For every task, which is scheduled into execution, queue gets a VM based on its availability in resources and it all depends on finishing time of a task. Therefore, finishing time of task calculated using below equation.

$$f{t}^{t_k}=\sum V{M}_n+e{t}_{t_k}$$

(12)

In this model, we assumed that each task should complete its execution within specified deadline. Therefore, for every task we are scheduling in this model finish time should always be less than or equal to its deadline. It is indicated as below.

$$f{t}^{t_k}\le d{l}^t$$

(13)

Here after mentioning deadline constraint, calculation of execution time, finish time then we have calculated makespan as in any scheduling model or mechanism makespan needs to be minimized. It is defined as execution time of tasks running over virtual resources. It is calculated as follows.

$${m}^k=\max \left(\ f{t}^{V{M}_n}\right)$$

(14)

$$\min ft\left({t}_kV{M}_n\right)=\sum\nolimits_{i=1}^k\sum\nolimits_{j=1}^n{\delta}_{ij} ft\left({t}_kV{M}_n\right)$$

(15)

From above eq. 15δ_ij is set to 1 if task t_k is assigned to VM i.e. VM_n otherwise set to 0.

Thus, from eqs. 14 and 15 makespan is calculated.

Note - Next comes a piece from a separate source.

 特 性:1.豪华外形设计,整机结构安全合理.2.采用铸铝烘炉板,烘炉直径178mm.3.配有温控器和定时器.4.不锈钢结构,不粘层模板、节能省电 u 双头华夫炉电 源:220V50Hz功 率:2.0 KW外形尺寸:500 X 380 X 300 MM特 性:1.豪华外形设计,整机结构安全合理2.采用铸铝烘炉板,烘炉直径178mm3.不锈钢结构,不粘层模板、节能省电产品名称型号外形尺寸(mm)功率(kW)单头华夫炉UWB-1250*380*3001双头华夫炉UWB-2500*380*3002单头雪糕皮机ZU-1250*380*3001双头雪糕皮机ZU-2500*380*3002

Our next focus to minimize the energy consumption in cloud computing paradigm. It is one of significant and impactful parameters in cloud paradigm. As for processing the huge workloads, need the large scale infrastructure or cloud resources, which leads to increase the energy consumption as well as large emissions of CO₂ [21, 38]and damages environment. Therefore, we are focusing on minimizing energy consumption in cloud paradigm. In Cloud model, energy consumption based on consumption for computing time, idle time. In this model for a VM energy consumption is calculated as follows. In cloud computing model any VM either should be in active state i.e. computing instructions or it should be in idle state represented in below eq. 16.

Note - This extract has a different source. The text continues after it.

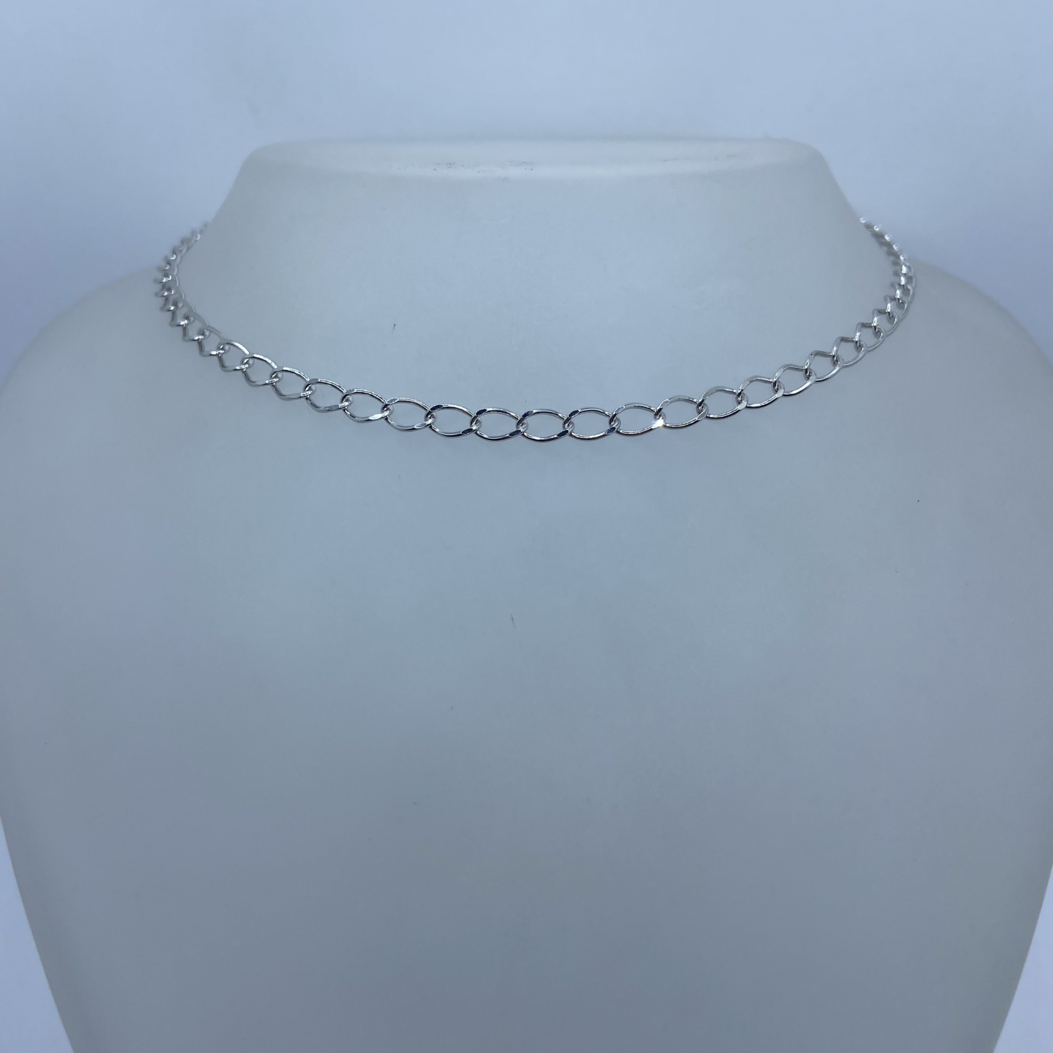 Tömör szemes pancer lánc rhódiumozott felülettel.

$$V{M}_n=\left(\genfrac{}{}{0pt}{}{\gamma_n\kern0.5em Active\ State\ of\ VM}{\tau_n\kern0.5em Idle\ State\ of\ VM}\right)$$

(16)

Energy consumption of all n VMs are calculated by using following equation

$${e}_{V{M}_n}^{con}=f{t}_n\ast {\gamma}_n+\left({m}^k-f{t}_n\right)\ast {\tau}_n$$

(17)

$${\min}_{act}^{con}=\left({e}^{mx}-{e}^{mn}\right)\ast re{s}^{util}+{e}^{mn}$$

(18)

Energy consumption in datacenter calculated as follows

$${e}^{con}=\sum {e}_{V{M}_n}^{con}+{\min}_{act}^{con}$$

(19)

Thus, from eqs. 16, 17, 18 and 19 Energy consumption in cloud computing calculated.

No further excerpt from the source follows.